We have previously introduced FawltyDeps, a tool to help Python projects avoid the dreaded, and seemingly unavoidable state, where dependencies declared in the configuration do not match those actually imported in the code¹. FawltyDeps is the perfect addition to your CI, your pre-commit hooks, or your dependency management arsenal.

Curious to know how FawltyDeps works its magic? In this sequel we’ll delve into an essential component of FawltyDeps: how it matches imports and dependencies behind the scenes, and why it is important to get this matching right.

We’ve been busy working on an improved mapping strategy that combines versatility with simplicity, and we have come a long way from the quite limited version we presented in our first announcement. By the end of this post, you’ll have a solid understanding of FawltyDeps’ brand new mapping options and how to tailor them to your project’s unique context and needs.

Matching imports and dependencies

Simply put, FawltyDeps extracts imports from your code, and dependencies declared in your project configuration, and matches them against each other:

the imports that are not present in your declared dependencies are reported as undeclared dependencies
the declared dependencies that are not imported in your code are reported as unused dependencies.

extracting matching imports deps — Figure 1. An illustration of extracting imports and dependencies in a Python project and matching them to each other.

When matching imports and dependencies, we first assume that a dependency (specifically: the package it references) and an import have the same name. This approximation works well for many Python packages. numpy is a good example: in your code, you write import numpy, and to install it you run pip install numpy, or you list numpy in your requirements.txt (or wherever you list your project dependencies).

Problem solved! So why are we even writing this post?

It turns out that, as always, things are not that simple™. Many packages provide import names that are different from the package name. For example:

You depend on the pyyaml package, but you import yaml (as seen in Figure 1).
You depend on the scikit-learn package, but you import sklearn.
You depend on the setuptools package, but you import either pkg_resources or some other import, as setuptools exposes multiple imports.

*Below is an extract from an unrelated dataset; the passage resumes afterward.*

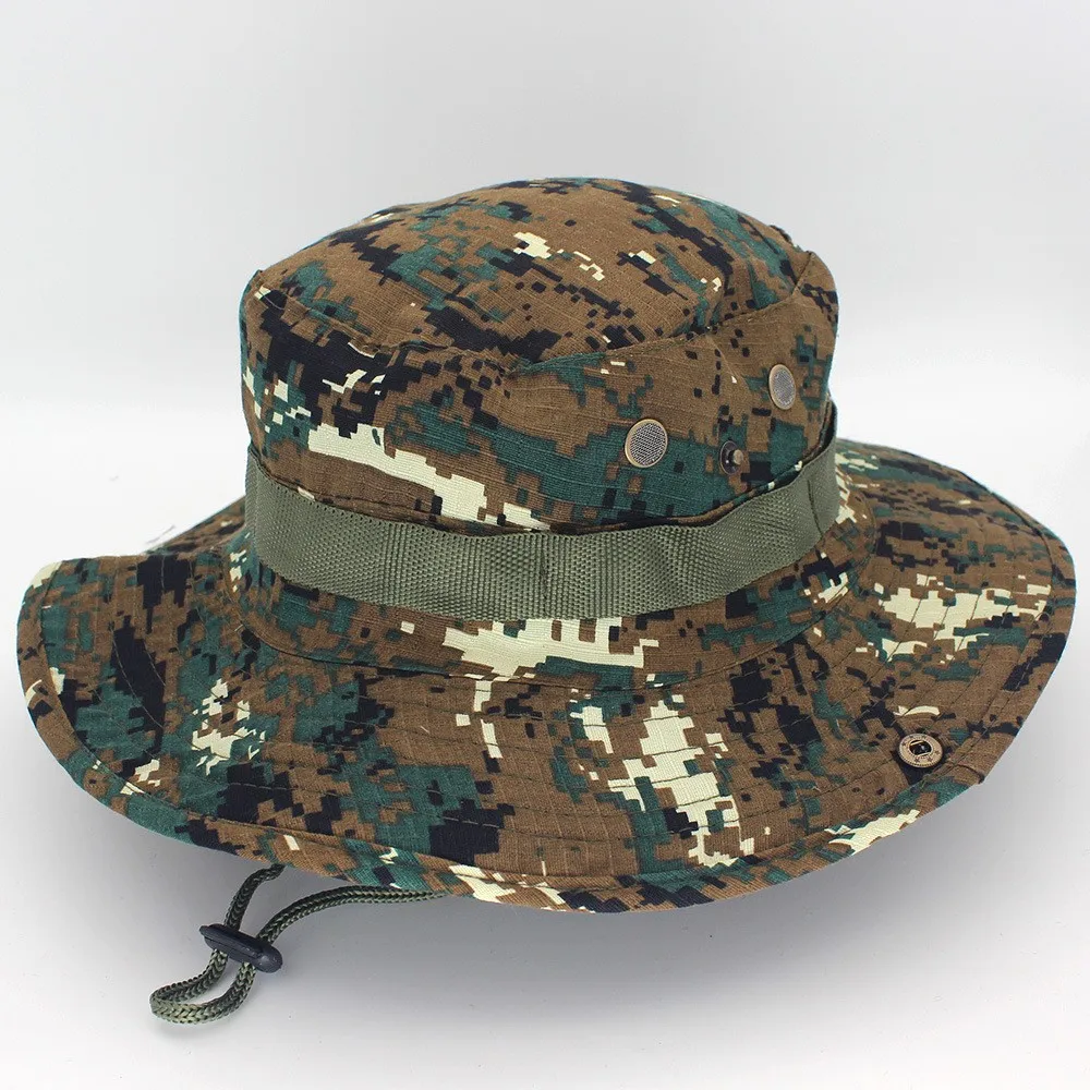 Product Description | Wholesale leisure jungle outdoor fishing mountaineering camouflage fisherman hat custom boonie Safari hat for men |

Clearly our first approximation (hereafter referred to as the identity mapping) is not good enough. To solve this, we need a smarter mapping: a way to figure out which packages correspond to which imports. In practice, there are a few different ways to acquire these mappings, each having its advantages and limitations. Our main goal here is to lay out the mappings we support in FawltyDeps, and explain how they can be used individually or together to resolve packages into their respective imports.

Mapping from already-installed packages

Arguably, the only correct way for FawltyDeps to match packages to imports is to actually ask each package what imports it provides. FawltyDeps can do this³, but it first needs to find where the packages are installed, and that turns out to be more complicated than one might think.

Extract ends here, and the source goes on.